The conversation about meaning-driven business is continuing, and some pundits want "meaning" to not only be an abstract concept, but a movement.

Tim Leberecht
Tim Leberecht is Frog Design's chief marketing officer. He is a member of the CNET Blog Network and is not an employee of CNET.
Tim Leberecht
4 min read

Frog Design's promised series on “Meaning-Driven Business” is taking shape. After introducing the concept of “Chief Meaning Officer” in the “Power” issue of design mind, we are going to formally launch this new forum in our upcoming special TEDGlobal issue (to be released on Sept. 21, 2009) as well as on a special microsite to be launched in a couple of weeks.

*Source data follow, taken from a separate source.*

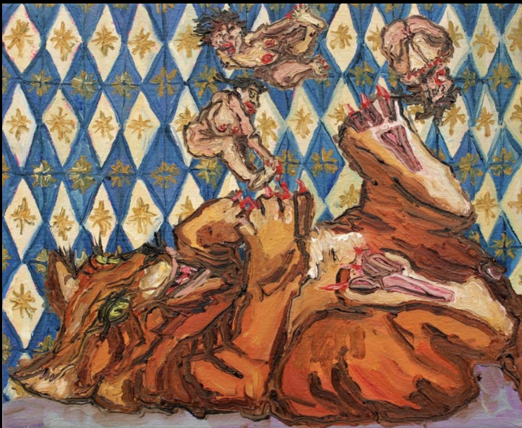
Catlady 2.0, 2023 Oil on canvas 30 x 25 cm
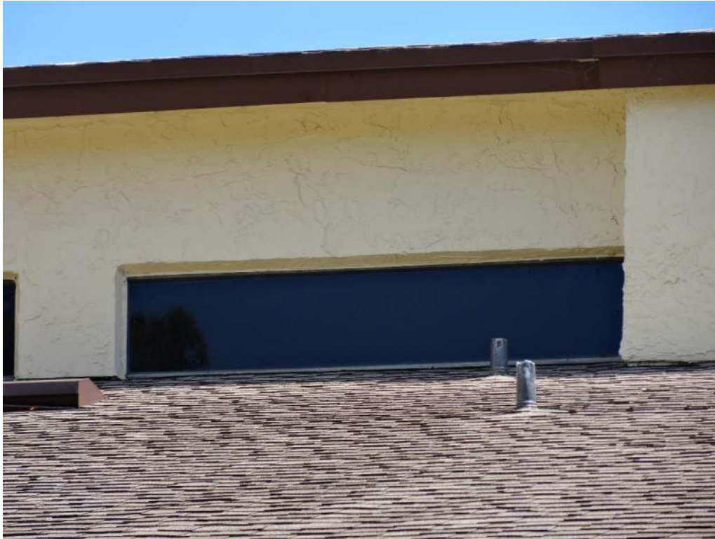
7. Opening Protection – Unprotected Unrated Windows
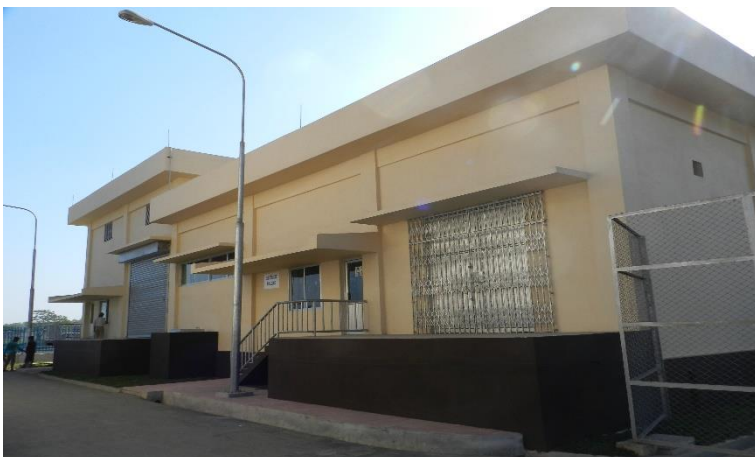
Completed Electrical Building at Intake Site
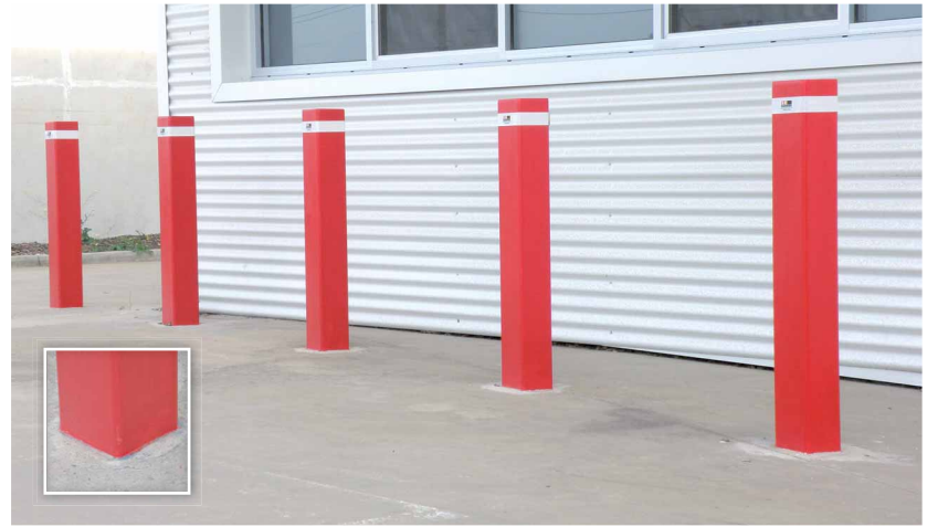
CS150BG Bollards shown.

Our fixed below ground bollards are designed for traffic control situations or property and asset protection. Manufactured from heavy wall mild steel tube with welded starter bars for installation into new concrete footings. Suitable for installation in asphalt or any soft surface where a concrete footing is necessary. Available in round or square designs. All our bollards are hot dip galvanised as standard with the option of powder coated finish.
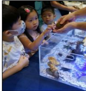
Figure 12: Children participating in the Green Market
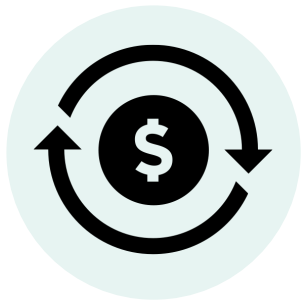
Figure 8.1. Guidelines for action toward transformative change

Six broad guidelines for action can be distilled from the policy implications shown in table 8.1. This report recommends them (figure 8.1) to national and international policy makers if transformative change is to occur.
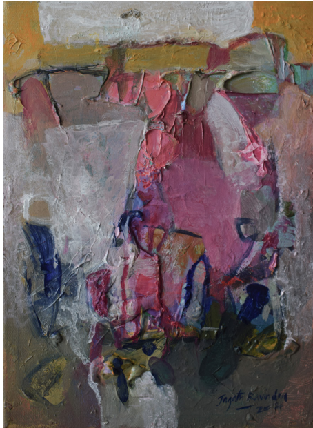
Time, Mind and Space IX , 2020, Acrylic on canvas, 40cm x 30cm
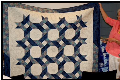
←Vickie Hecht Close Up View→
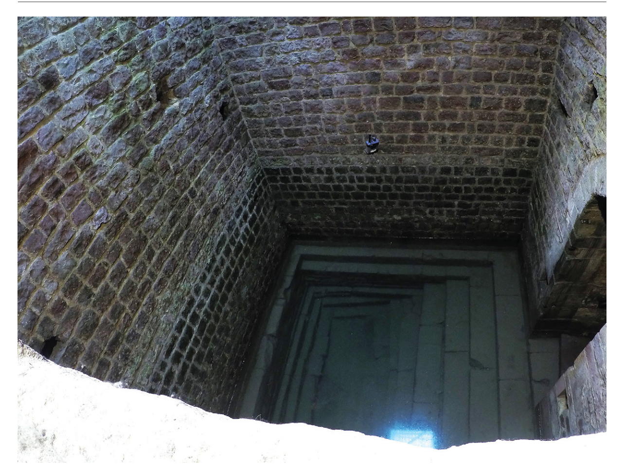
Fig. 1. Speyer ritual bath, view into the shaft from the ante chamber. Speyer, Germany, twelfth century.
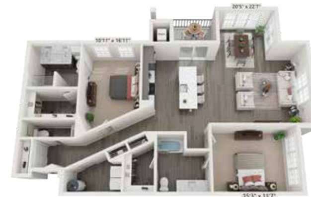
2 Bedroom 2 Bath 1420 Sq. Ft.
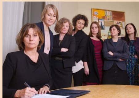
Minister for International Development Cooperation and Climate Isabella Lövin signs the Government proposal for a new Climate Act
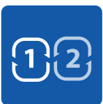
Redundant Refrigeration Circuit
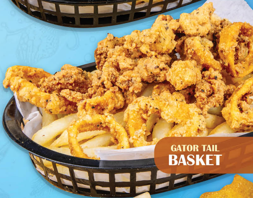
GATOR TAIL BASKET

8 Fresh gulf oysters fried to golden brown. $13.99
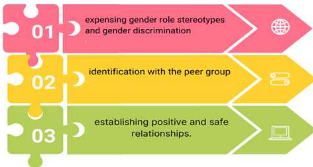
Fig 13.1: Socio-cultural Challenges faced by adolescents

It is unfortunate that even in modern times, gender roles may be stereotyped, which also affects how girls and boys are brought up. For example, boys are given nutritious food,
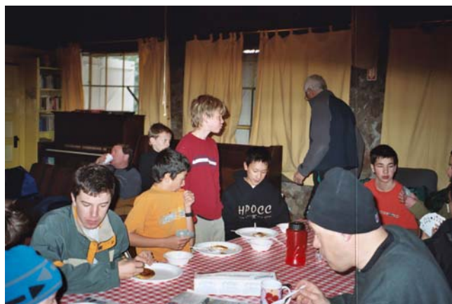
Hot breakfast... mmmm.....
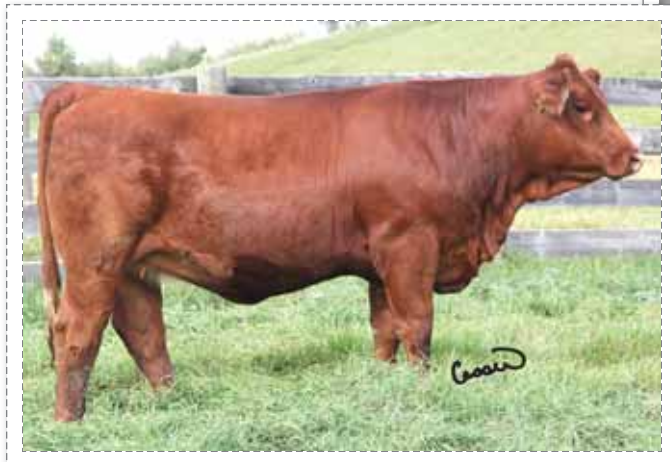
190 ~ Majestic Ms Red Cloud 168Z
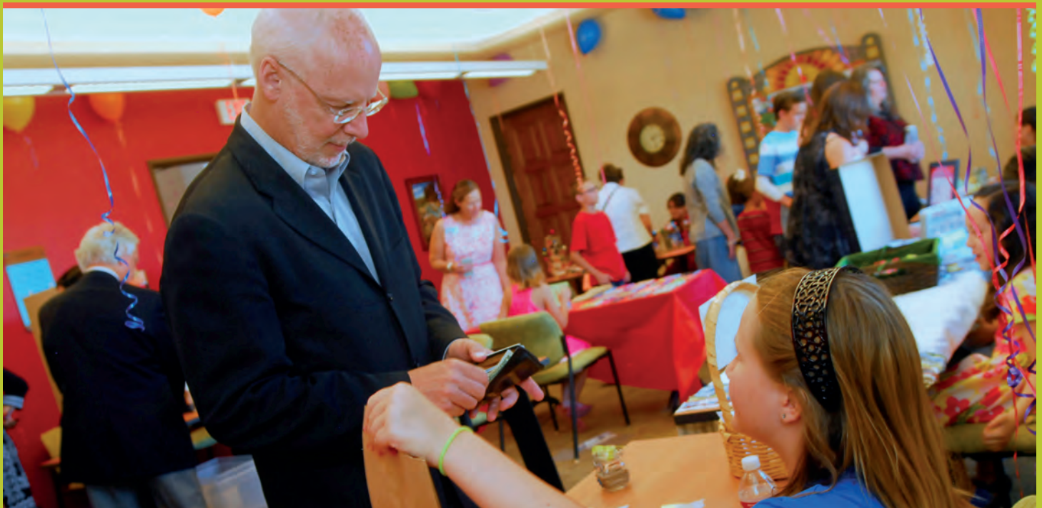
Board and community members at the first Accion Kid Entrepreneur Fair.

We would also like to acknowledge and thank the community of Accion interns and volunteers who have contributed their time and talent to our mission during the year.
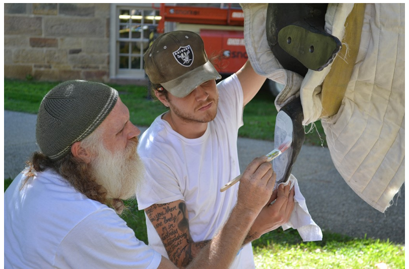
Preparing Pore for installation

In October, the Gund Gallery, installed Pore , by noted sculptor Antony Gormley, on the North façade of Rosse Hall. The anthropomorphic work, showing a figure seemingly crouched on the side of the building, was an uncanny sight that surprised and delighted students upon their return to campus over fall break.
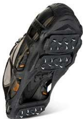
STABILicer™ Walks $20

Ice cleats are FREE for pregnant women and elders
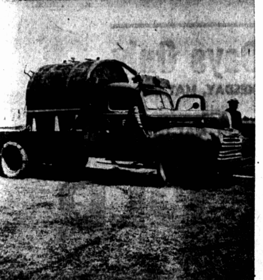
THE PUMPER truck of the Kinkora Fire Department, purchased less than a year ago after the village became incorporated, is seen in action at the fire in Kinkora yesterday, and is credited with saving a building in the village which ignited from burning embers sprayed over the village by a strong breeze which carried the sparks about three-quarters of a mile.
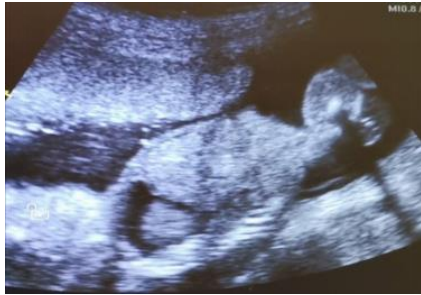
Figure 1. Obstetrical ultrasonography indicates bilateral pleural effusion at 18-week 3-day POA

she gets 150mg intramuscular Medroxyprogesterone every 3-month as family planning.
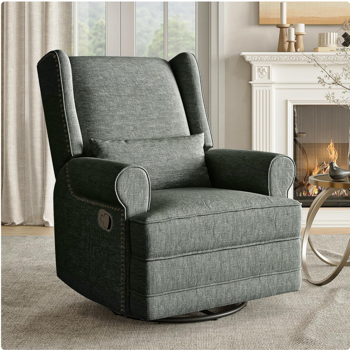
Image: The RoyalCraft Swivel Recliner Chair in Dark Green, featuring its upholstered design and comfortable appearance.
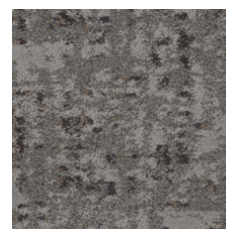
Agave 21535 LRV 17.5
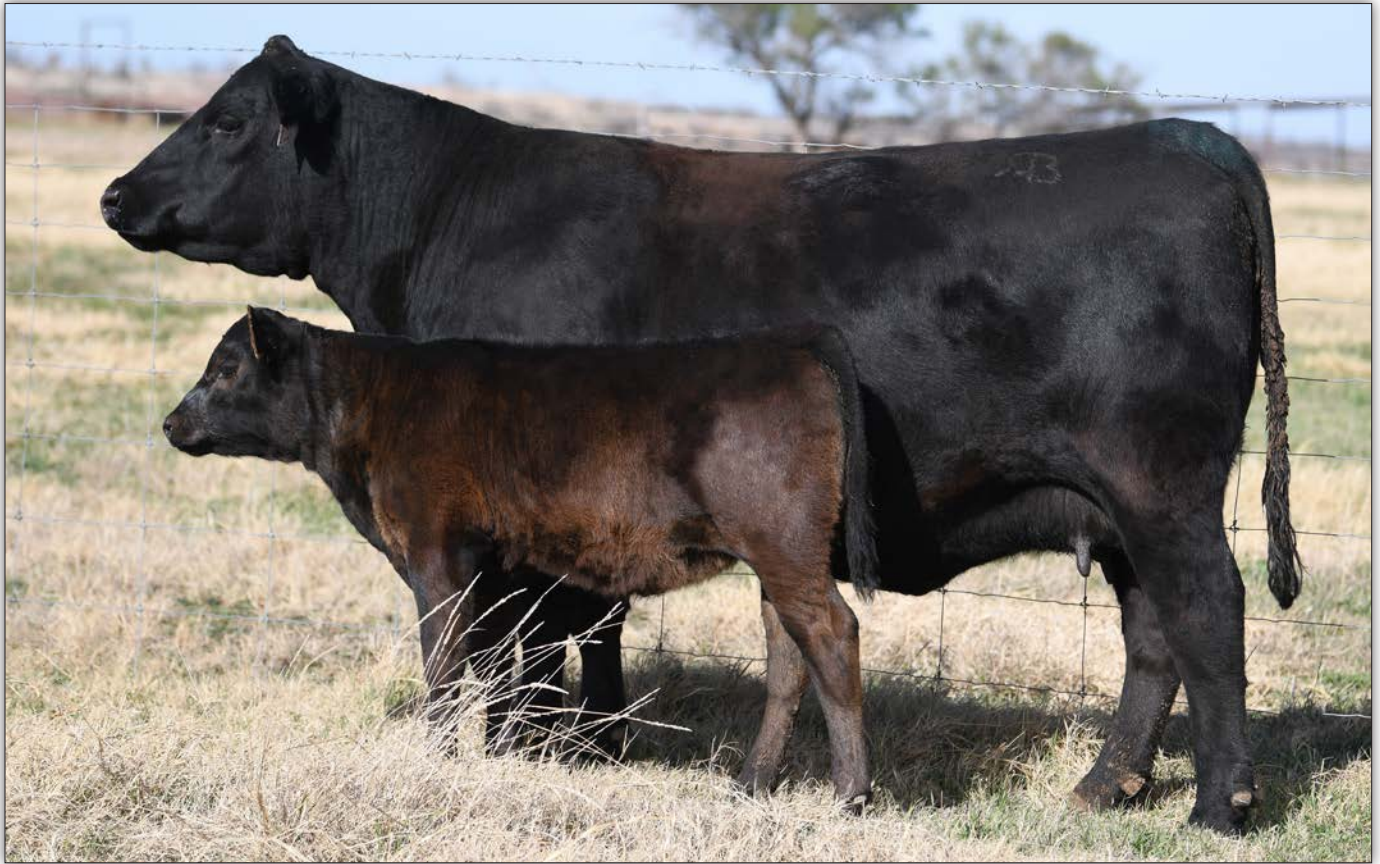
ZEBO PRIDE 2227 - LOT 21
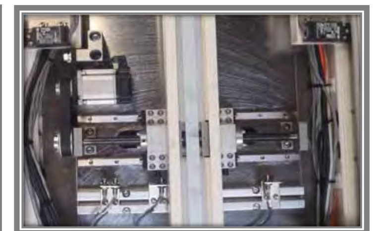
Servo Peel Off
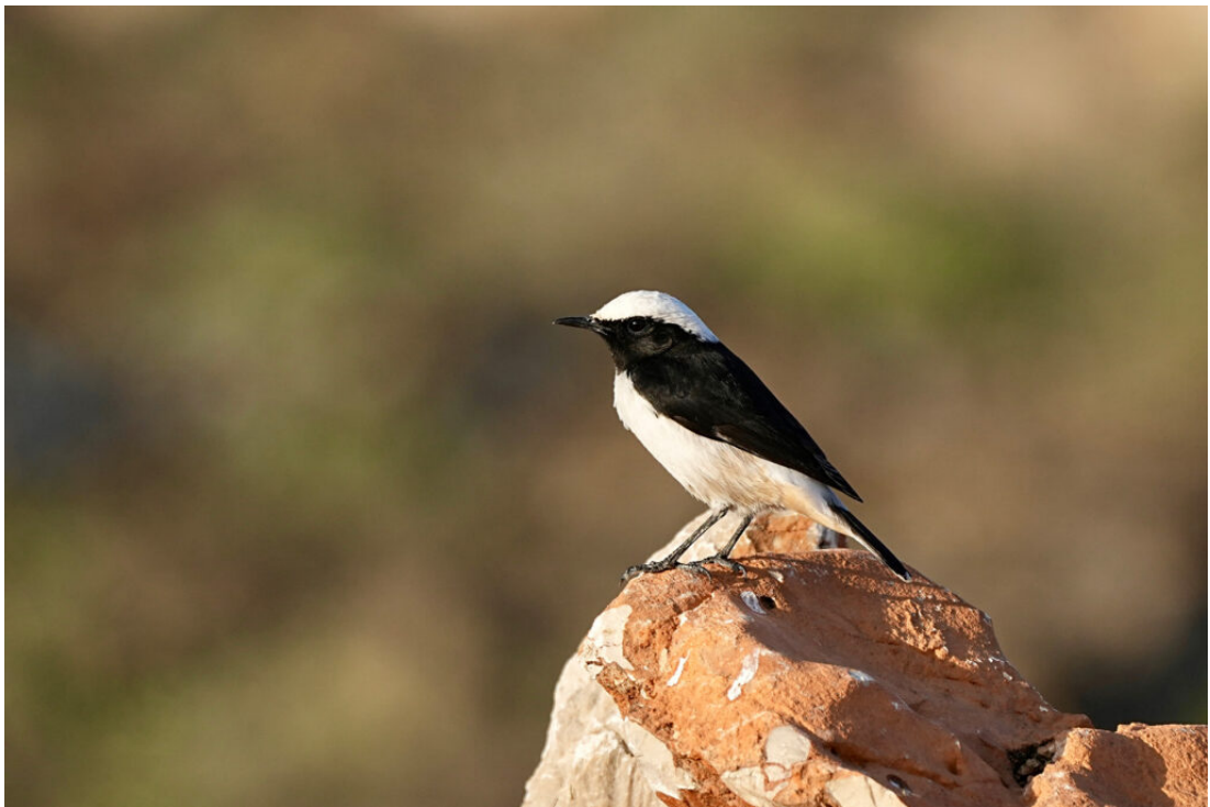
Arabian Wheatear

For the first round of essays, we are delighted to have received contributions from three industry and thought leaders: Beth Comstock, chief marketing officer of GE and one of the world's most influential Fortune 50 marketing executives, will take the economic crisis as an opportunity to make the case for marketing-driven innovation. Werner Bauer, Nestle's chief technology officer and head of innovation, will describe his company’s concept of “Shared Value” and how it enables a more socially responsible business. And Dev Patnaik, founder and chief executive of innovation consultancy Jump Associates and author of the book Wired to Care, will illustrate how “high-empathy organizations” of all kinds prosper when they tap into a power each of us already has: the ability to reach outside of ourselves and connect with other people. Stay tuned!

The conversation is continuing in other outlets, too, and some pundits want “meaning” to not only be an abstract concept, but a movement. Economist Umair Haque is one of them. His "Generation M (as in “meaning”) Manifesto" stirred some controversial reactions (just read the comments on his blog)--from unconditional endorsement to accusations of arrogance and naiveté. It is one out of many manifestos that have recently been published on the new “new economy”--this, too, is a sign of the times. Manifestos indicate an increased need for ideological alternatives – and meaning.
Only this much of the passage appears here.